Localized Many-Particle Majorana Modes with Vanishing Time-Reversal Symmetry Breaking in Double Quantum Dots

TL;DR

This paper proposes a new type of many-particle Majorana modes in double quantum dots that preserve local statistics and can exist with minimal time-reversal symmetry breaking, revealing a reverse Mott-insulator transition.

Contribution

It introduces spinful many-particle Majorana modes with local operator products in a superconductor-double-quantum-dot system, highlighting their emergence with negligible Zeeman splitting and Coulomb interactions.

Findings

Identification of a reverse Mott-insulator transition with degenerate parity bands.

Majorana operators connect odd and even parity ground states via multi-operator products.

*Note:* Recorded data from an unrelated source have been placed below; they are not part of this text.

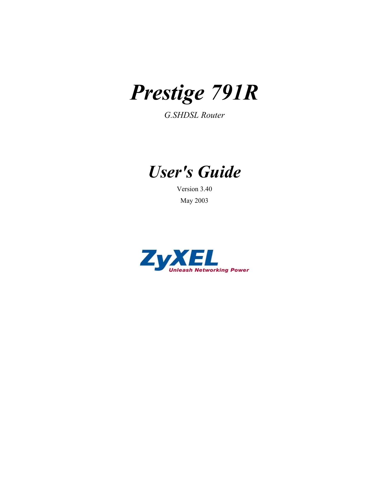 Prestige 791R G.SHDSL Router Copyright Copyright © 2003 by ZyXEL Communications Corporation. The contents of this publication may not be reproduced in any part or as a whole, transcribed, stored in a retrieval system, translated into any language, or transmitted in any form or by any means, electronic, mechanical, magnetic, optical, chemical, photocopying, manual, or otherwise, without the prior written permission of ZyXEL Communications Corporation. Published by ZyXEL Communications Corporation. All rights reserved. Disclaimer ZyXEL does not assume any liability arising out of the application or use of any products, or software described herein. Neither does it convey any license under its patent rights nor the patent rights of others. ZyXEL further reserves the right to make changes in any products described herein without notice. This publication is subject to change without notice. Trademarks ZyNOS (ZyXEL Network Operating System) is a registered trademark of ZyXEL Communications, Inc. Other trademarks mentioned in this publication are used for identification purposes only and may be properties of their respective owners. ïl Copyright
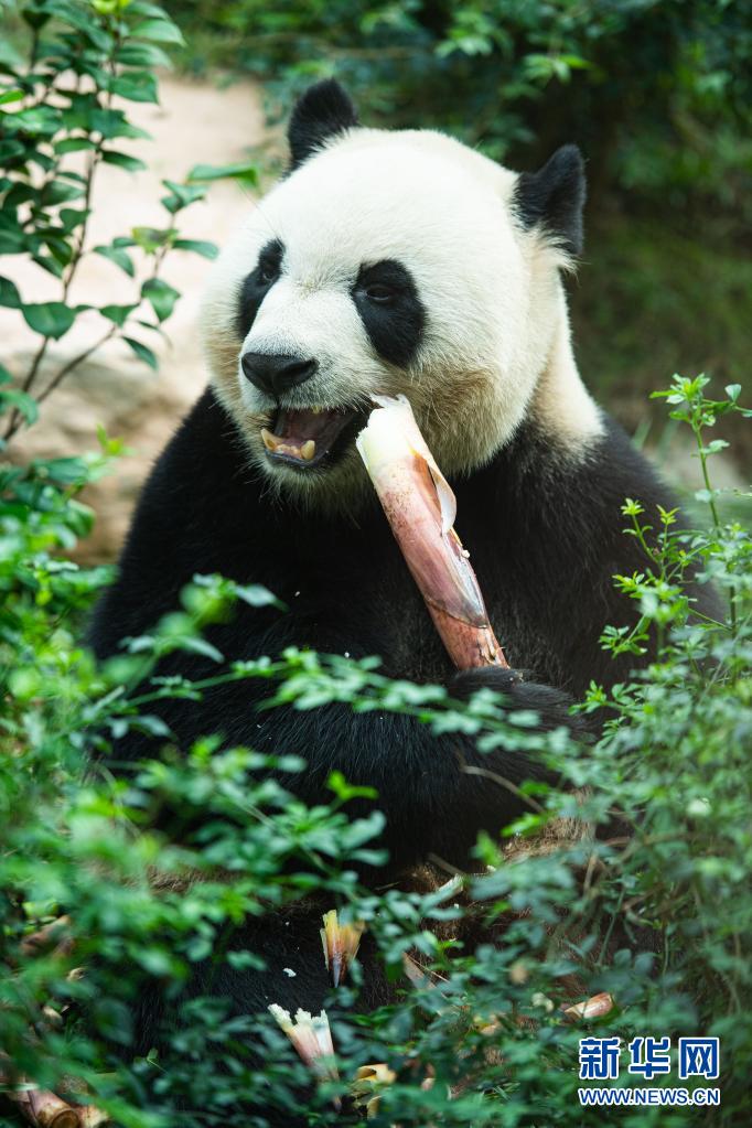 5月1日,大熊貓“健健”在吃竹筍。
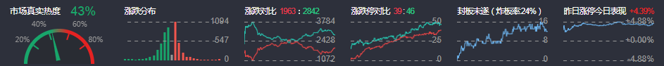 3、两市共1963只个股上涨,39只个股涨停,2842只个股下跌,46只个股跌停,9只股票炸板,炸板率24%。
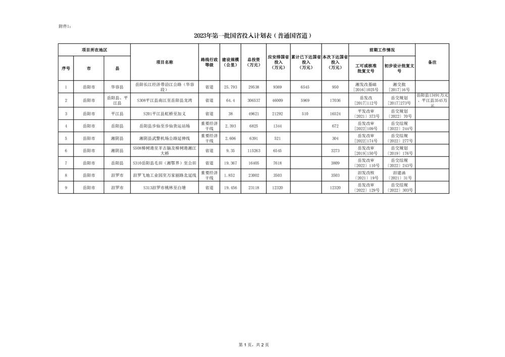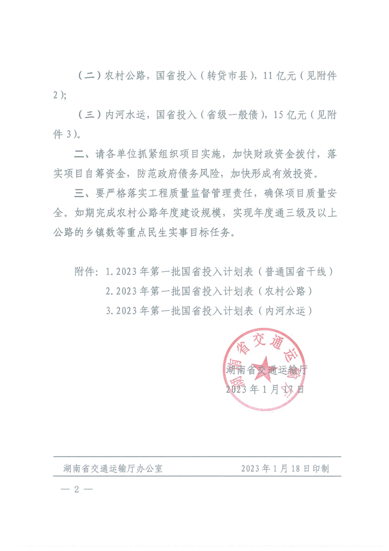 湖南省交通運輸廳關於下達2023年第一批國省投入計劃的通知
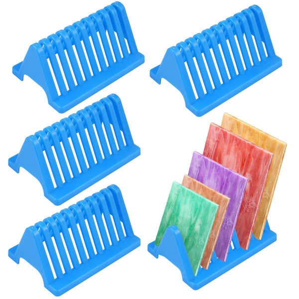 CebraBounze Stained Glass Sheet Storage Rack, Glass Panel Organizer, 10 Slots (Blue, 4Pack)
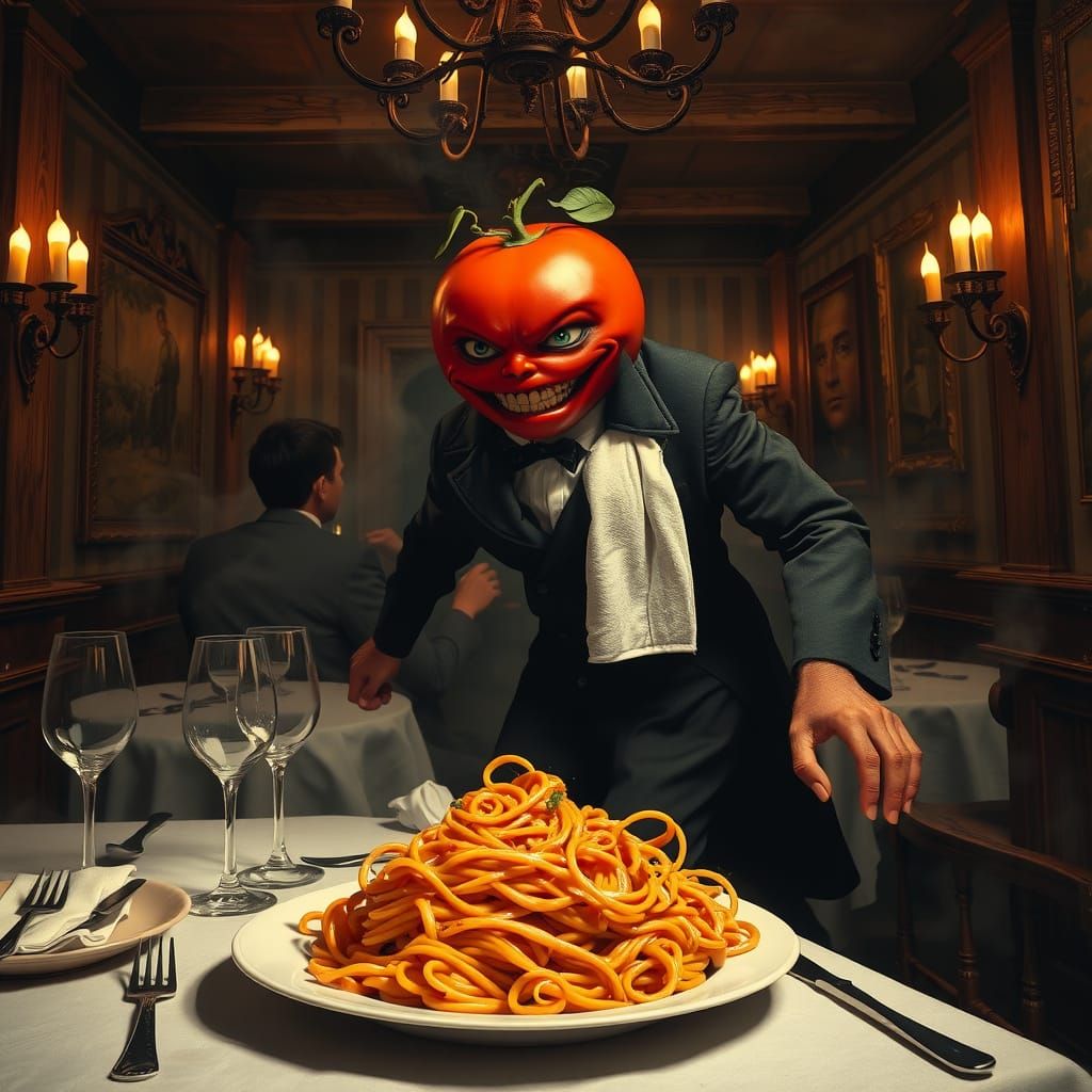 In the heart of an old French tavern from 1878, where strange paintings hang and eerie music hums, a tomato-like waiter, dressed in a black ...

Observation of a 4% supercurrent in the even state and none in the odd state.

Abstract

We introduce the concept of spinful many-particle Majorana modes with local odd operator products, thereby preserving their local statistics. We consider a superconductor-double-quantum-dot system where these modes can arise with negligible Zeeman splitting when Coulomb interactions are present. We find a reverse Mott-insulator transition, where the even- and odd-parity bands become degenerate. Above this transition, Majorana operators move the system between the odd-parity ground state, associated with elastic cotunneling, and the even-parity ground state, associated with crossed Andreev reflection. These Majorana modes are described in terms of one, three, and five operator products. Parity conservation results in a 4% periodic supercurrent in the even state and no supercurrent in the odd state.